| Work instruction |
All of the data should be output character for character, except the pictures.

| Data section |
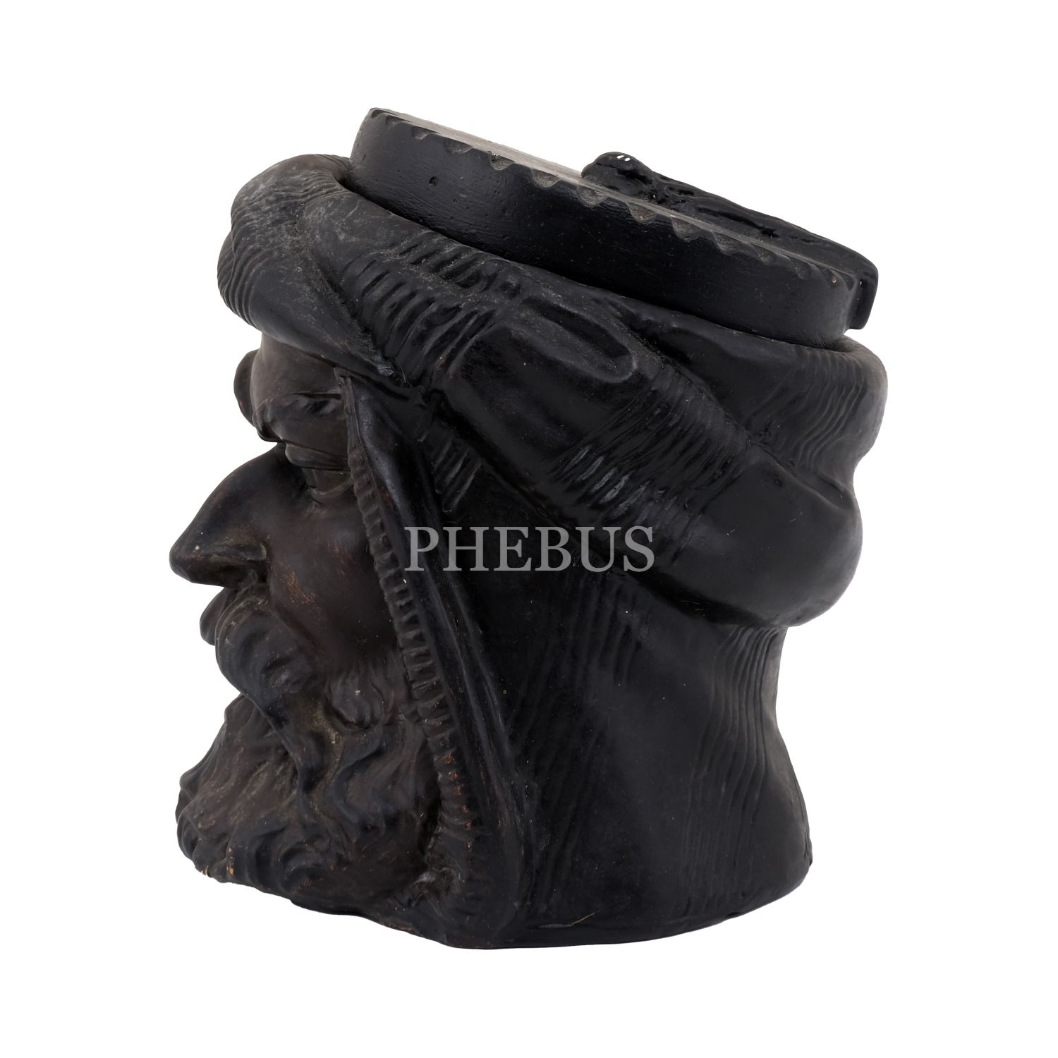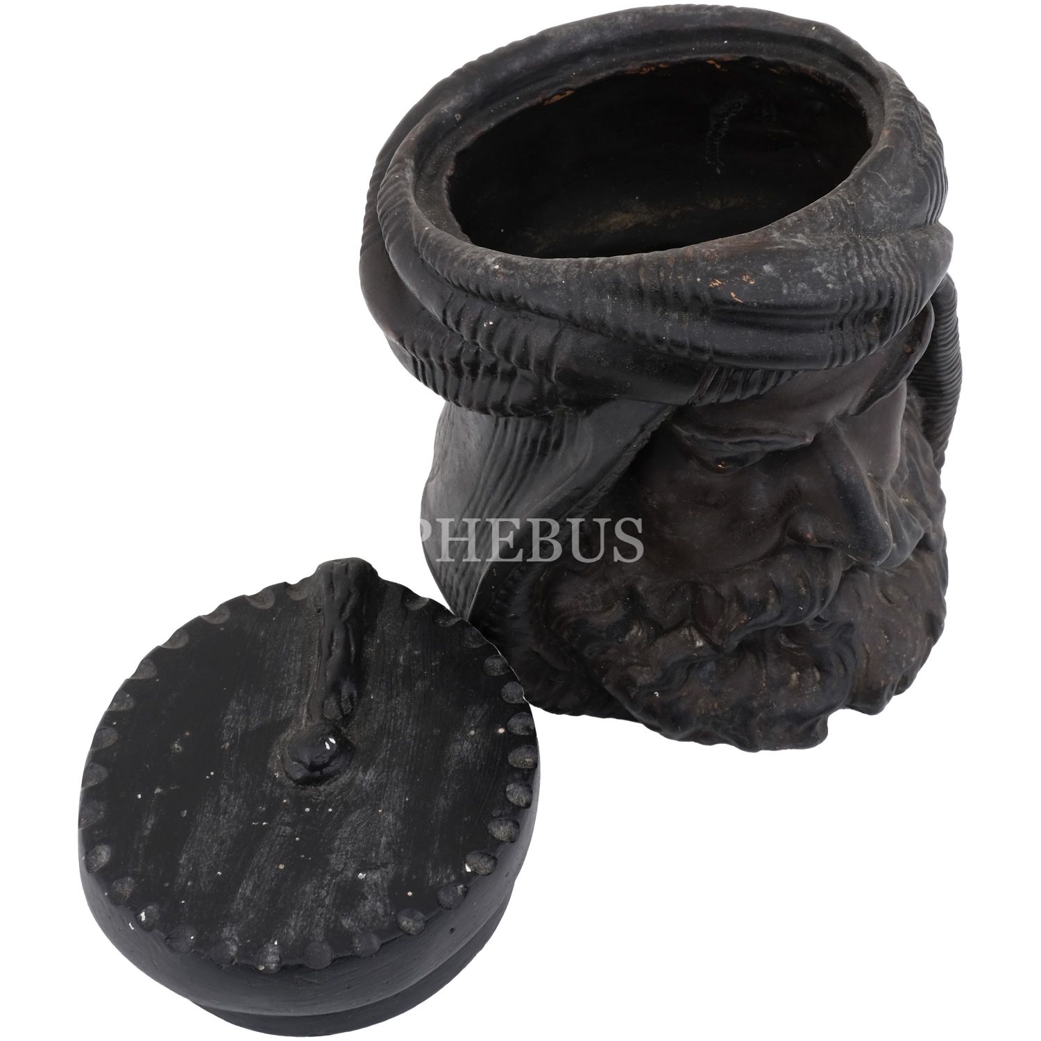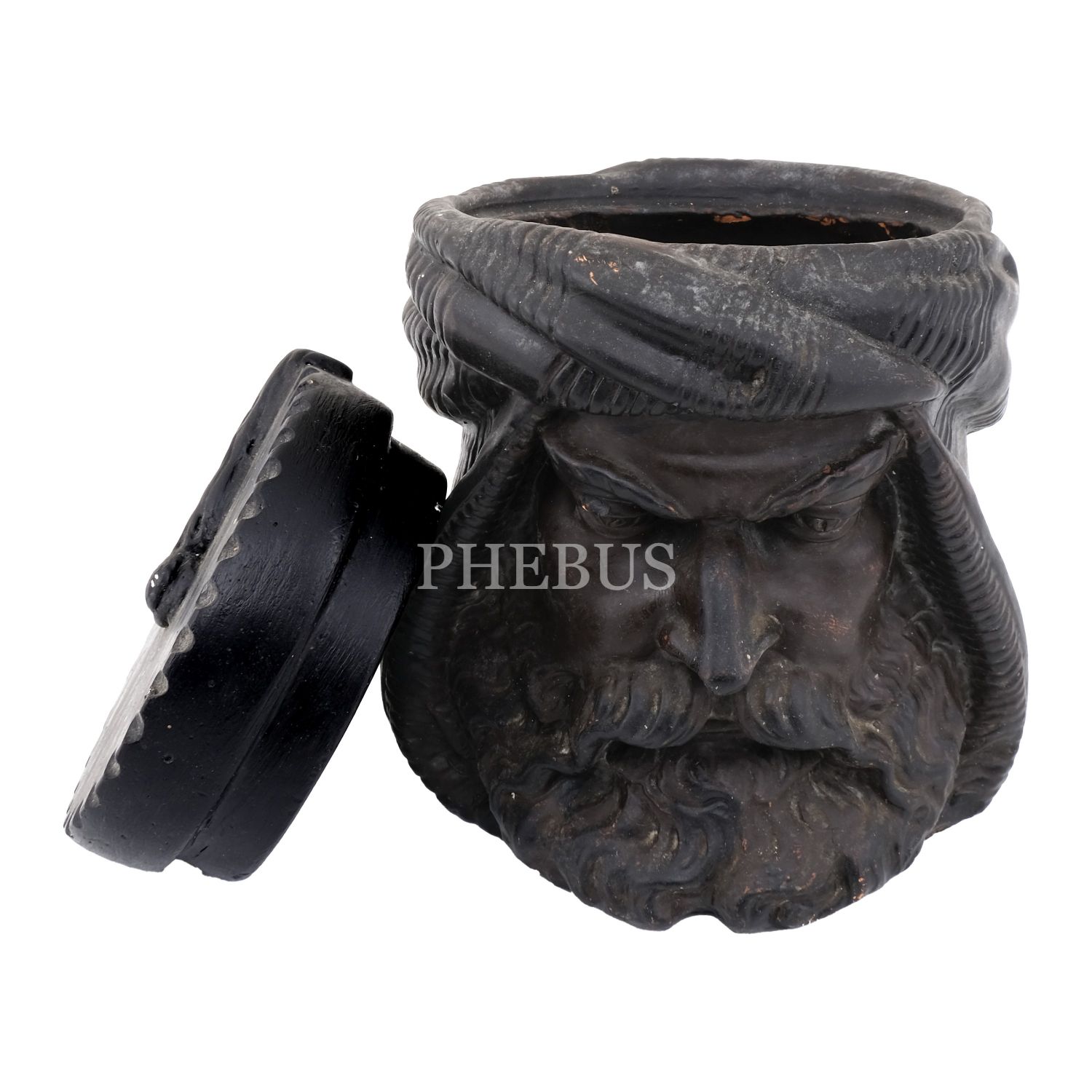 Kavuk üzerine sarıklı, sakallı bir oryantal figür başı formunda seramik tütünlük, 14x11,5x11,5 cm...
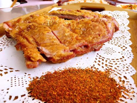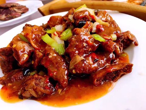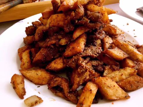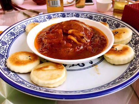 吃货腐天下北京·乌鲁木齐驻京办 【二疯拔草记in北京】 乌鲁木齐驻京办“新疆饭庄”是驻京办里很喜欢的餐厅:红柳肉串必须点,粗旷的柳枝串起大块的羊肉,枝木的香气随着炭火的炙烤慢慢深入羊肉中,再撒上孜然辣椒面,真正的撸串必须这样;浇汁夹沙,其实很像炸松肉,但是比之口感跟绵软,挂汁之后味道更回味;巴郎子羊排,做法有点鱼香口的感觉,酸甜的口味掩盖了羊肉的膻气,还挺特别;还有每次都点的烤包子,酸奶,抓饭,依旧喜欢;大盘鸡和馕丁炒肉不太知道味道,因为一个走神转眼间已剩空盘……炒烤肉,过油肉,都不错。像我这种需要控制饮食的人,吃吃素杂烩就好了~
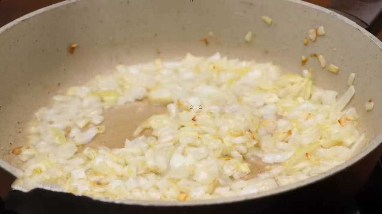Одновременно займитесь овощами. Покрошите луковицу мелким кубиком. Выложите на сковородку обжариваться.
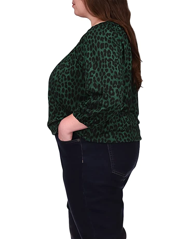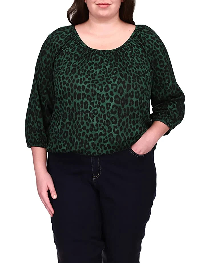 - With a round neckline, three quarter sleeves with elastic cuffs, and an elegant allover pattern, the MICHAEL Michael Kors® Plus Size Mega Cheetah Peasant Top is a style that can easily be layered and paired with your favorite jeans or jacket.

| Answer box |
 Kavuk üzerine sarıklı, sakallı bir oryantal figür başı formunda seramik tütünlük, 14x11,5x11,5 cm...
 吃货腐天下北京·乌鲁木齐驻京办 【二疯拔草记in北京】 乌鲁木齐驻京办“新疆饭庄”是驻京办里很喜欢的餐厅:红柳肉串必须点,粗旷的柳枝串起大块的羊肉,枝木的香气随着炭火的炙烤慢慢深入羊肉中,再撒上孜然辣椒面,真正的撸串必须这样;浇汁夹沙,其实很像炸松肉,但是比之口感跟绵软,挂汁之后味道更回味;巴郎子羊排,做法有点鱼香口的感觉,酸甜的口味掩盖了羊肉的膻气,还挺特别;还有每次都点的烤包子,酸奶,抓饭,依旧喜欢;大盘鸡和馕丁炒肉不太知道味道,因为一个走神转眼间已剩空盘……炒烤肉,过油肉,都不错。像我这种需要控制饮食的人,吃吃素杂烩就好了~
Одновременно займитесь овощами. Покрошите луковицу мелким кубиком. Выложите на сковородку обжариваться.
 - With a round neckline, three quarter sleeves with elastic cuffs, and an elegant allover pattern, the MICHAEL Michael Kors® Plus Size Mega Cheetah Peasant Top is a style that can easily be layered and paired with your favorite jeans or jacket.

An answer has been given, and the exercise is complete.